Related, I had my fiance sign up to judge chicken at the Hold em and Hit em a few months back down here in Houston (big comp, 130+ teams). She would be learning to cook chicken, so I thought this would be a perfect way to see what's out there.

16 boxes of chicken. Her findings? All of them tasted like chicken. *grin* All of them nearly identical. A couple were bad, a couple were -slightly- better. All had a little smoke flavor, but as she related the story, she was disappointed. She was looking forward to a bite of exciting chicken! It was a good lesson... the winning entry was NOT in her pool. All it would have taken was one of those 16 boxes to have something strong. Spicy, sweet, fruity, peppery.... anything, and they would have made the final table with ease.

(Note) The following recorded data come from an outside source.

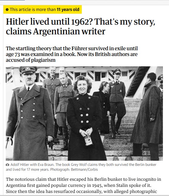 2011 m. knygos „Pilkasis vilkas: Adolfo Hitlerio pabėgimas“ (Grey Wolf: The Escape of Adolf Hitler), pagal kurią buvo sukurtas dokumentinis filmas, autorius Argentinos žurnalistas apkaltino plagijavimu.
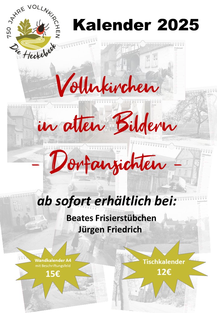ab sofort ist ein Vollnkirchen Kalender für 2025 erhältlich.
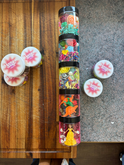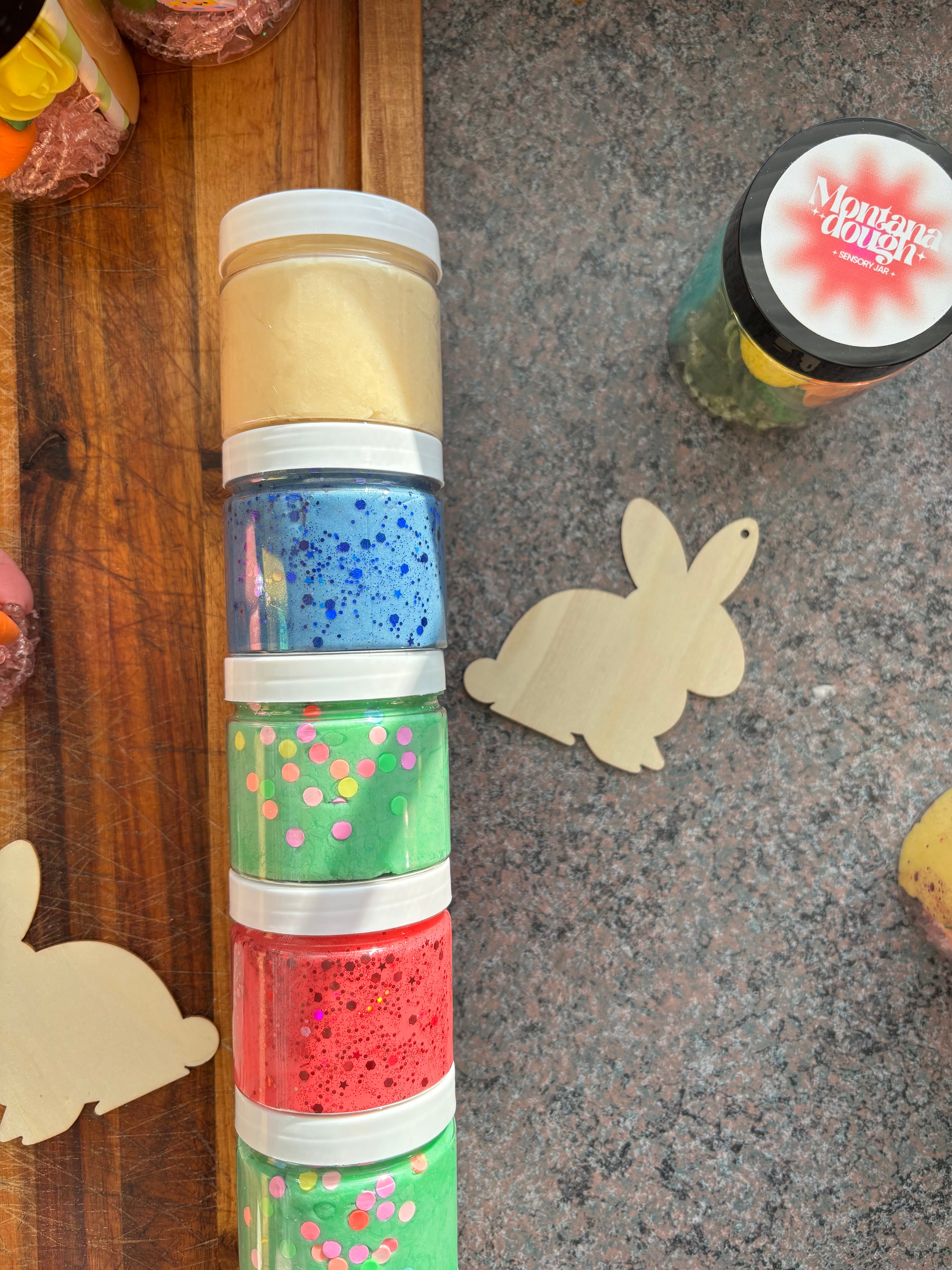 Themed sensory jars are filled with 4.5 oz of homemade play dough and themed toys.
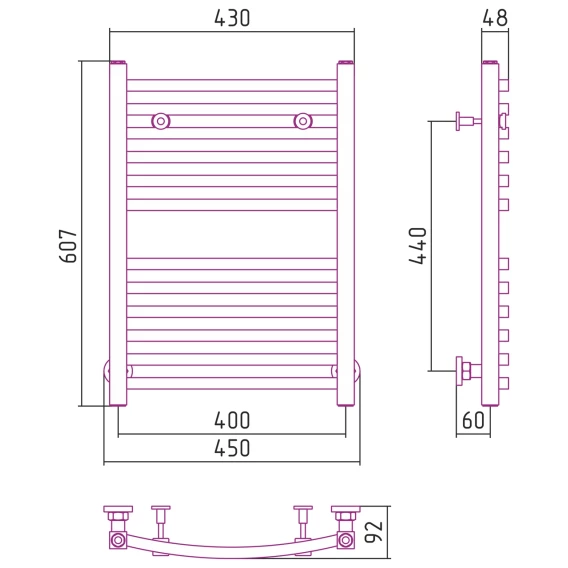 Полотенцесушитель водяной 600x400 белый глянец Сунержа Аркус 12-0251-6040
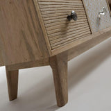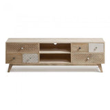 Mueble de Tv en madera de mango maciza con cajones tallados e impresos.
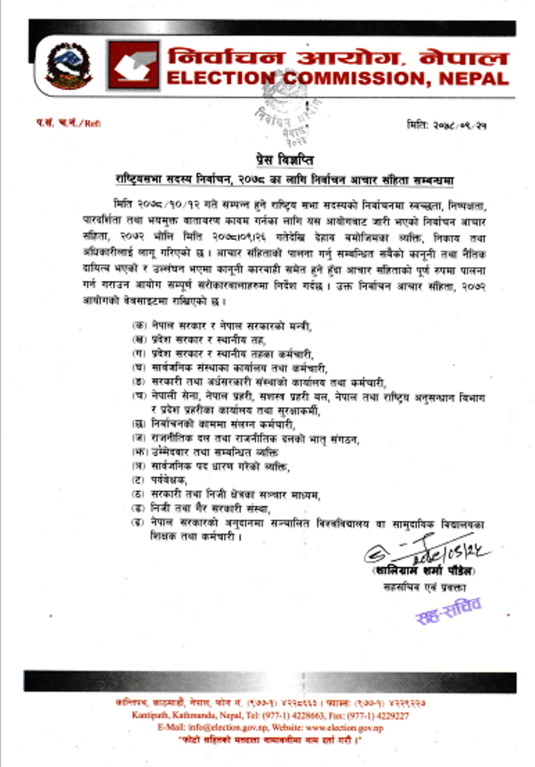 निर्वाचनमा स्वच्छता, निष्पक्षता, पारदर्शिता तथा भयमुक्त वातावरण कायम गर्नका लागिे निर्वाचन आचारसंहिता, २०७२ सोमबार (२६ पुस)बाट लागु हुने आयोगले जनाएको छ ।

This isn't the case in a KCBS competition, but the one-bite concept still applies. In KCBS the judges sit at tables of 6 and taste the food from 6 teams (unless there is an odd number of teams where a table may only get 5 teams' food). Even with only 6 teams food, however, if the judge ate everything put in front of them they would be eating around 2 lbs of food, so they usually take one or two bites.
 
If you're interested in learning more about competitions in general, I'd strongly recommend looking for a KCBS CBJ class in your area and take that. Then go out and judge a few contests if possible. Also, peruse the competition section here on this site. The wealth of information at your fingertips is staggering.

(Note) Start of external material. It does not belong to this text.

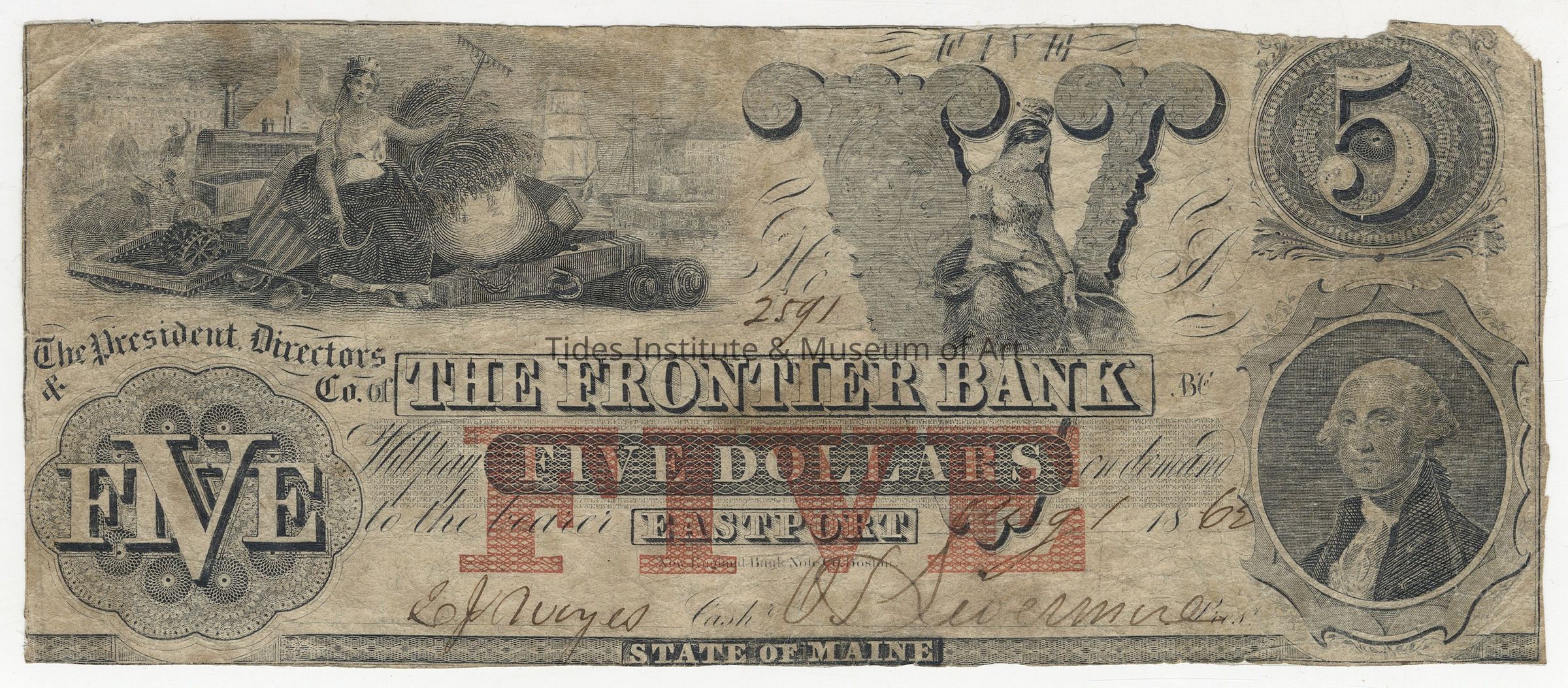 Frontier Bank | Eastport, Maine | Five Dollar Bank Note | 1862

Oddly, I'm probably one of the few people that doesn't subscribe to this path. The judging classes are great for learning how to be objective when it comes to BBQ, and how the rules, and form are perfected, but alas, it doesn't really convey what perfect BBQ tastes like, or how to achieve it. It gives some of the qualities, but actually sinking your teeth into a perfect-score rib, or a perfect piece of brisket gave me much more of an idea of the path to take.

That's just my .02 though... new cooks should definitely take a course if able, but to learn the rules, not to really know what a perfect rib tastes like. :p
 
This isn't the case in a KCBS competition, but the one-bite concept still applies. In KCBS the judges sit at tables of 6 and taste the food from 6 teams (unless there is an odd number of teams where a table may only get 5 teams' food). Even with only 6 teams food, however, if the judge ate everything put in front of them they would be eating around 2 lbs of food, so they usually take one or two bites.

Is this the case as well in pools of 200? What happens when these large comps run short on judges? If chicken turn-in is at say, 12:00 on Saturday, there's usually not a plethora of non-team people milling about, let alone.. 200 extras. :shocked:
 
Funky, I agree with the CBJ class offering very little, however as a picture is worth a thousand words, I've always highly recommended that competitors sit and judge a few competitions to see what comes across the table and see what works, what doesn't, and why. To do this though the path is usually to become a CBJ.

The largest competition I was ever involved in had over 200 teams, and they had enough judges to have 6 at every table... A large part of organizing a competition, especially a sanctioned competition, is getting enough CBJ's. Prestige alone attracts judges to the larger comps.